[Opening PROVIDED MATERIAL section]

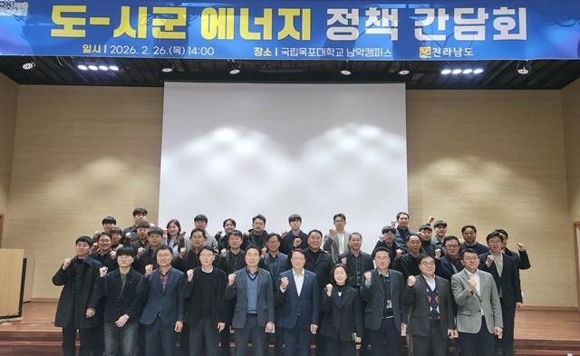 전라남도는 지난 26일 국립목포대학교 남악캠퍼스에서 유현호 전남도 에너지산업국장을 비롯해 도내 22개 시군 에너지 담당 과장 등 100여 명이 참석한 가운데 ‘도-시군 에너지 정책 간담회’를 개최했다고 밝혔다.
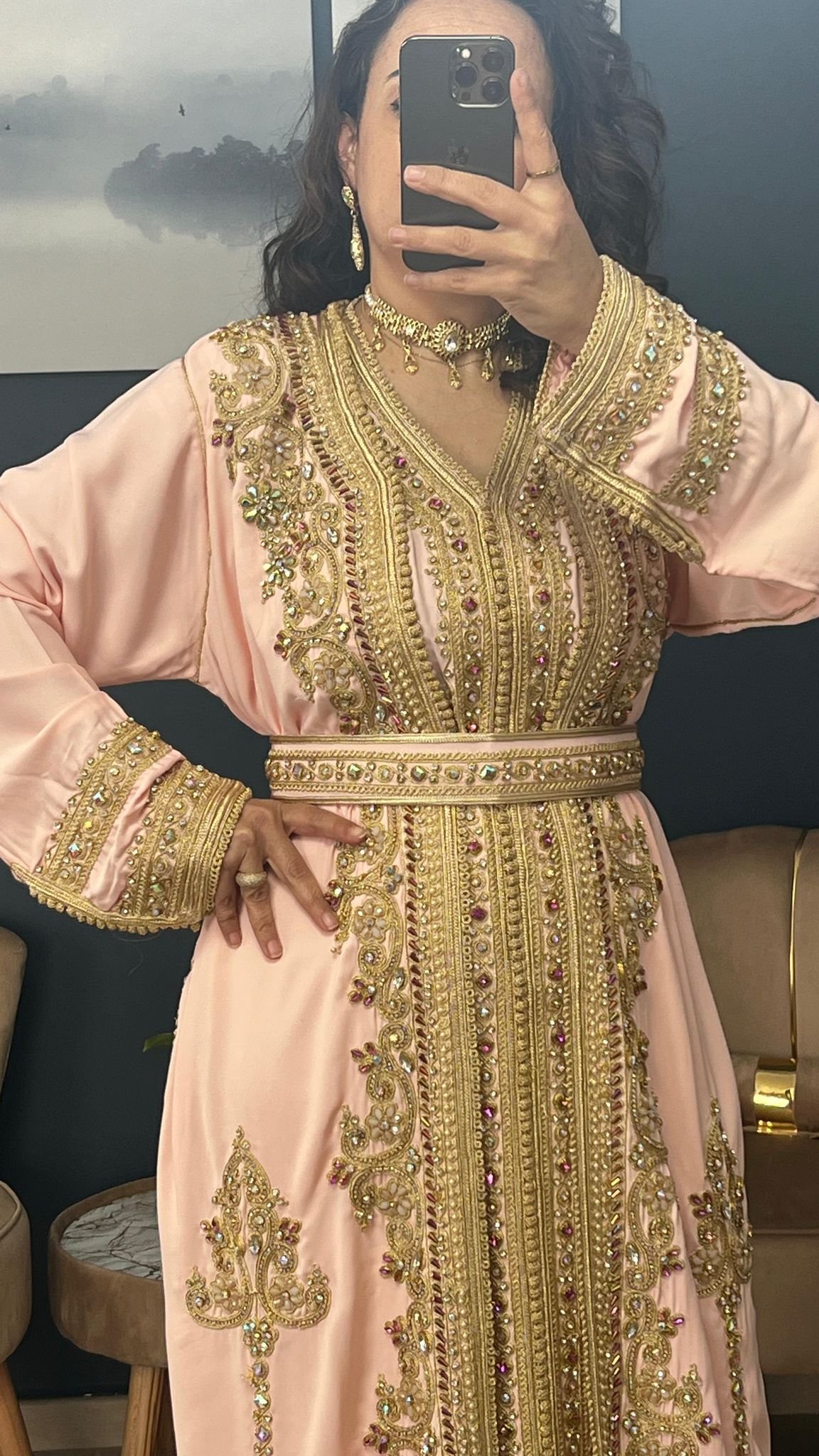 الخام كريب ناعم شك مع تطريز يدوي اللون وردي فاتح
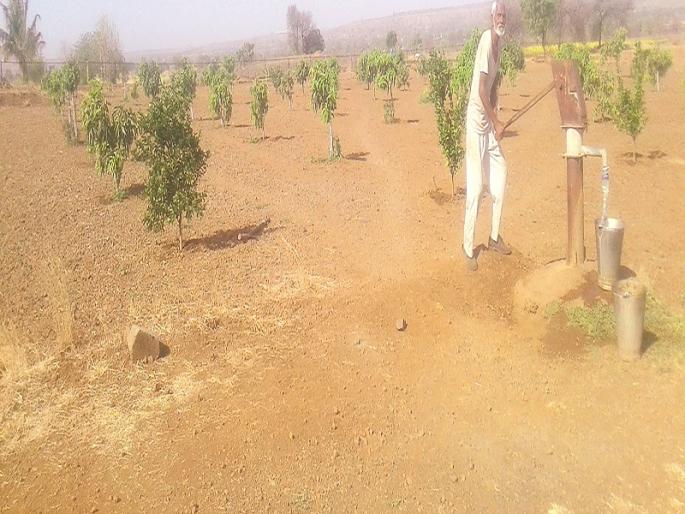 नानासाहेब जठारविसापूर : चांभुर्डी (ता. श्रीगोंदा) येथील समाजसेवक विजय बोºहाडे कावडीने पाणी घालून सव्वाशे झाडांची आमराई जगविण्याचा प्रयत्न करीत आहेत. सध्याच्या भीषण दुष्काळी स्थितीतही या समाजसेवकाने पाण्याचे योग्य नियोजन करून आंब्याची झाडे जगविली आहेत.बोºहाडे हे मुळचे पुणे शहरातील रहिवासी होते. मात्र त्यांनी लहानपणी समाजसेवेचा ध्यास घेतला. त्यांनी पदवीपर्यंत शिक्षण घेतले. त्यानंतर कोणतीही नोकरी न करता सामाजिक क्षेत्रात काम करण्याचा निर्णय घेतला. त्यासाठी त्यांनी विवाह केला नाही. त्यांनी घरदार सोडून कश्यप सेवाभावी संस्थेची स्थापना केली. त्या संस्थेच्या माध्यमातून त्यांनी काही देणगीदारांची मदत घेऊन पुणे जिल्ह्यात अनेक ठिकाणी शाळा खोल्या श्रमदान व लोकसहभागातून बांधून दिल्या आहेत. चांभुर्डी येथे सामाजिक काम सुरू करण्याचा आग्रह त्यांच्याशी पुणे येथे त्यांच्या संपर्कात आलेल्या येथील काही ग्रामस्थांनी केला. त्यानंतर बोºहाडे यांनी चांभुर्डी येथे विसापूररोड लगत पाच एकर जमीन खरेदी केली. या ठिकाणी अनाथालय सुरू करण्याचा त्यांचा उद्देश होता. मात्र शासनाच्या जाचक अटी व स्थानिकांकडून अपेक्षित सहकार्य मिळविण्यात त्यांना यश आले नाही. यासाठी त्यांनी पाच खोल्या बांधलेल्या आहेत. त्या ठिकाणी ते एकटेच रहातात. तेथे त्यांनी केशर जातीचे १२० आंब्याची झाडे लावली आहेत. त्यांनी तेथे बोअरवेल घेऊन त्यावर हातपंप बसवला आहे. हातपंपामुळे पाण्याचा मर्यादित उपसा होतो. एवढ्या भयंकर दुष्काळी परिस्थितीही त्या हातपंपाला पाणी आहे. सध्या ते हे पाणी कावडीच्या साह्याने आंब्याच्या झाडांना घालत आहेत. पाणी टंचाई असल्याने गावातील लोकही या हातपंपाचे पाणी प्यायला घेऊन जातात.‘बोअरवेल’मध्ये विद्युत पंपाने पाण्याचा उपसा केल्यास पाण्याची पातळी खोलवर जाते. त्यामुळे दुष्काळी परिस्थितीत पाणी टंचाईचा सामना करावा लागतो. हातपंपामुळे आवश्यकतेनुसार पाण्याचा वापर करता येतो. या आंबा बागेत जी फळे येतील त्यांची विक्री न करता बागेत येऊन विसावा घेणारांना ही फळे विना मोबदला येथेच खाता येतील. मात्र बरोबर घेऊन जाता येणार नाहीत.-विजय बोºहाडे, समाजसेवक, चांभुर्डी, ता. श्रीगोंदा
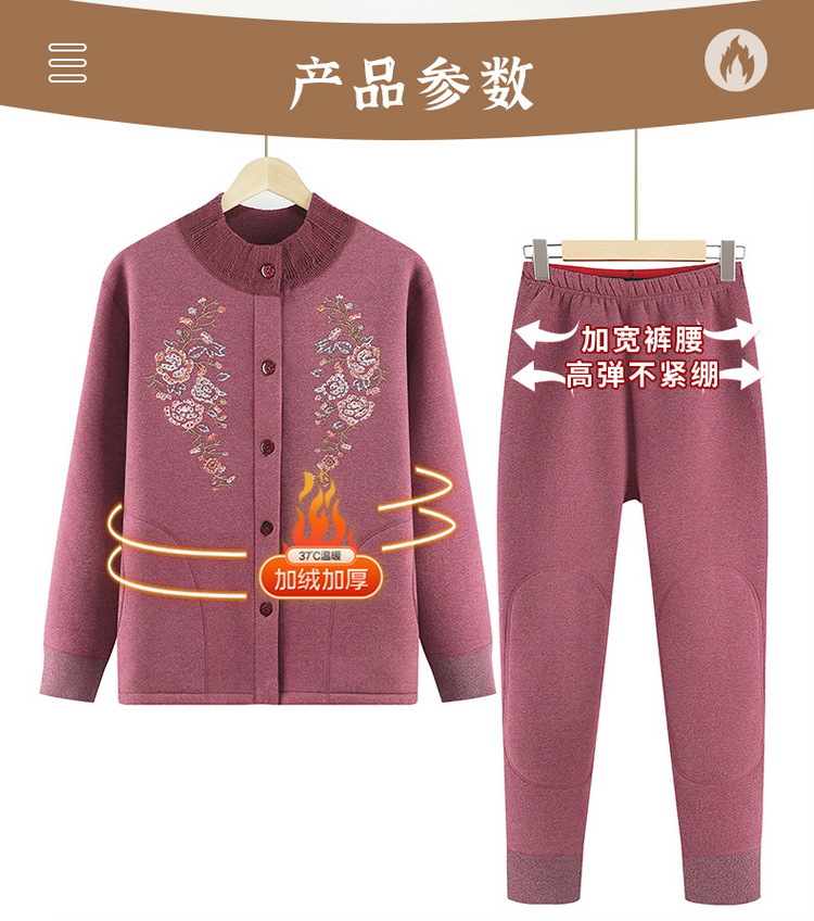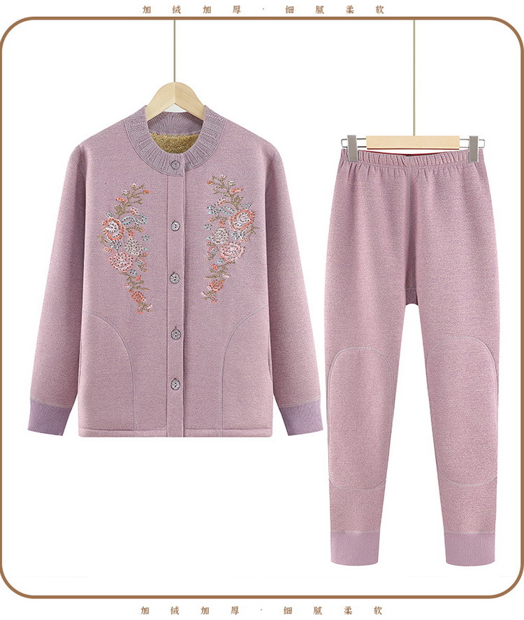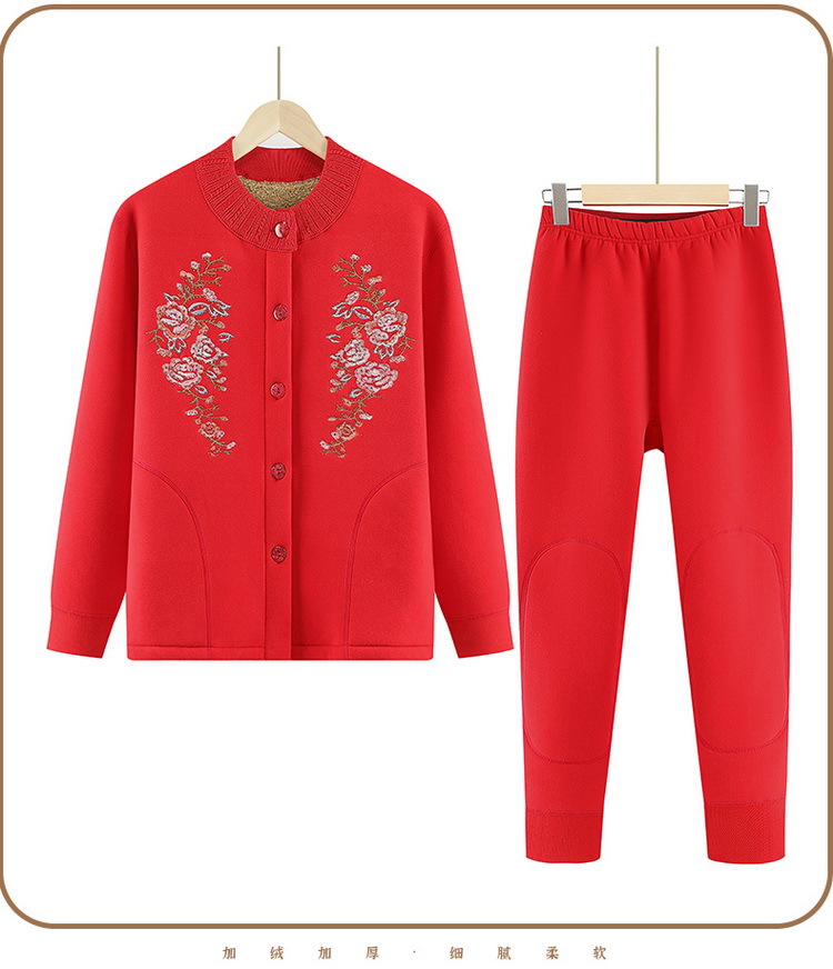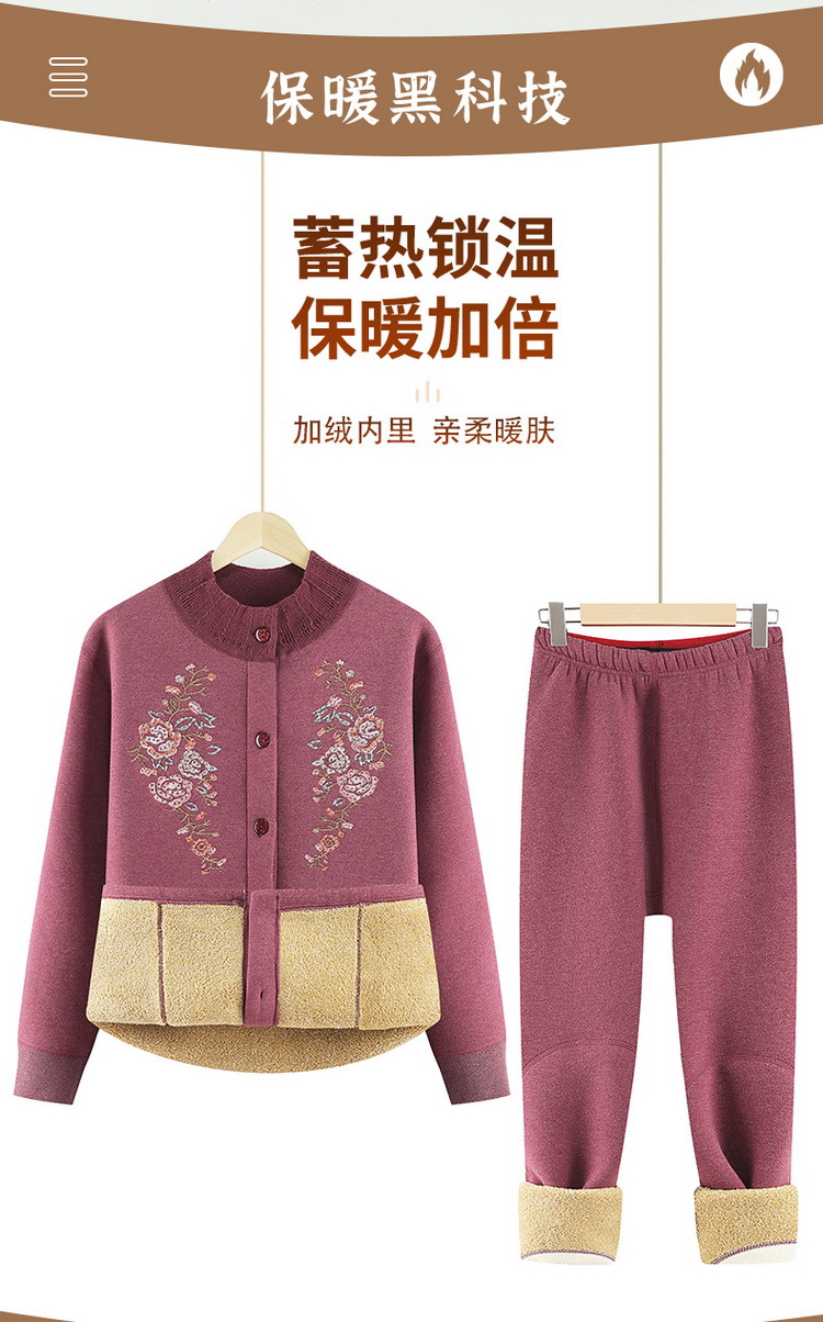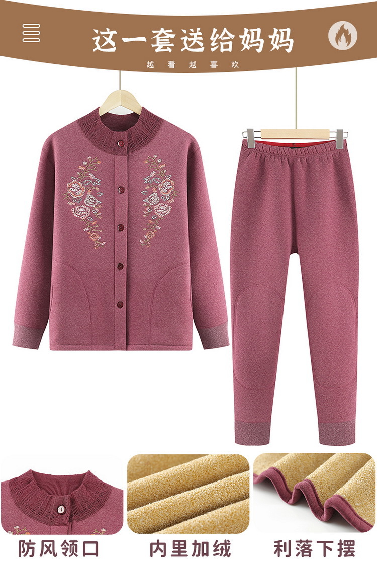 奶奶秋冬开衫保暖内衣中老年人女妈妈加绒加厚羊羔绒外套两件套装

[Closing PROVIDED MATERIAL section]

- [THE TASK]: Give the listing above again in its entirety and exactly; do not include the pictures.

- [RESULT FOR THIS TASK]:
 전라남도는 지난 26일 국립목포대학교 남악캠퍼스에서 유현호 전남도 에너지산업국장을 비롯해 도내 22개 시군 에너지 담당 과장 등 100여 명이 참석한 가운데 ‘도-시군 에너지 정책 간담회’를 개최했다고 밝혔다.
 الخام كريب ناعم شك مع تطريز يدوي اللون وردي فاتح
 नानासाहेब जठारविसापूर : चांभुर्डी (ता. श्रीगोंदा) येथील समाजसेवक विजय बोºहाडे कावडीने पाणी घालून सव्वाशे झाडांची आमराई जगविण्याचा प्रयत्न करीत आहेत. सध्याच्या भीषण दुष्काळी स्थितीतही या समाजसेवकाने पाण्याचे योग्य नियोजन करून आंब्याची झाडे जगविली आहेत.बोºहाडे हे मुळचे पुणे शहरातील रहिवासी होते. मात्र त्यांनी लहानपणी समाजसेवेचा ध्यास घेतला. त्यांनी पदवीपर्यंत शिक्षण घेतले. त्यानंतर कोणतीही नोकरी न करता सामाजिक क्षेत्रात काम करण्याचा निर्णय घेतला. त्यासाठी त्यांनी विवाह केला नाही. त्यांनी घरदार सोडून कश्यप सेवाभावी संस्थेची स्थापना केली. त्या संस्थेच्या माध्यमातून त्यांनी काही देणगीदारांची मदत घेऊन पुणे जिल्ह्यात अनेक ठिकाणी शाळा खोल्या श्रमदान व लोकसहभागातून बांधून दिल्या आहेत. चांभुर्डी येथे सामाजिक काम सुरू करण्याचा आग्रह त्यांच्याशी पुणे येथे त्यांच्या संपर्कात आलेल्या येथील काही ग्रामस्थांनी केला. त्यानंतर बोºहाडे यांनी चांभुर्डी येथे विसापूररोड लगत पाच एकर जमीन खरेदी केली. या ठिकाणी अनाथालय सुरू करण्याचा त्यांचा उद्देश होता. मात्र शासनाच्या जाचक अटी व स्थानिकांकडून अपेक्षित सहकार्य मिळविण्यात त्यांना यश आले नाही. यासाठी त्यांनी पाच खोल्या बांधलेल्या आहेत. त्या ठिकाणी ते एकटेच रहातात. तेथे त्यांनी केशर जातीचे १२० आंब्याची झाडे लावली आहेत. त्यांनी तेथे बोअरवेल घेऊन त्यावर हातपंप बसवला आहे. हातपंपामुळे पाण्याचा मर्यादित उपसा होतो. एवढ्या भयंकर दुष्काळी परिस्थितीही त्या हातपंपाला पाणी आहे. सध्या ते हे पाणी कावडीच्या साह्याने आंब्याच्या झाडांना घालत आहेत. पाणी टंचाई असल्याने गावातील लोकही या हातपंपाचे पाणी प्यायला घेऊन जातात.‘बोअरवेल’मध्ये विद्युत पंपाने पाण्याचा उपसा केल्यास पाण्याची पातळी खोलवर जाते. त्यामुळे दुष्काळी परिस्थितीत पाणी टंचाईचा सामना करावा लागतो. हातपंपामुळे आवश्यकतेनुसार पाण्याचा वापर करता येतो. या आंबा बागेत जी फळे येतील त्यांची विक्री न करता बागेत येऊन विसावा घेणारांना ही फळे विना मोबदला येथेच खाता येतील. मात्र बरोबर घेऊन जाता येणार नाहीत.-विजय बोºहाडे, समाजसेवक, चांभुर्डी, ता. श्रीगोंदा
 奶奶秋冬开衫保暖内衣中老年人女妈妈加绒加厚羊羔绒外套两件套装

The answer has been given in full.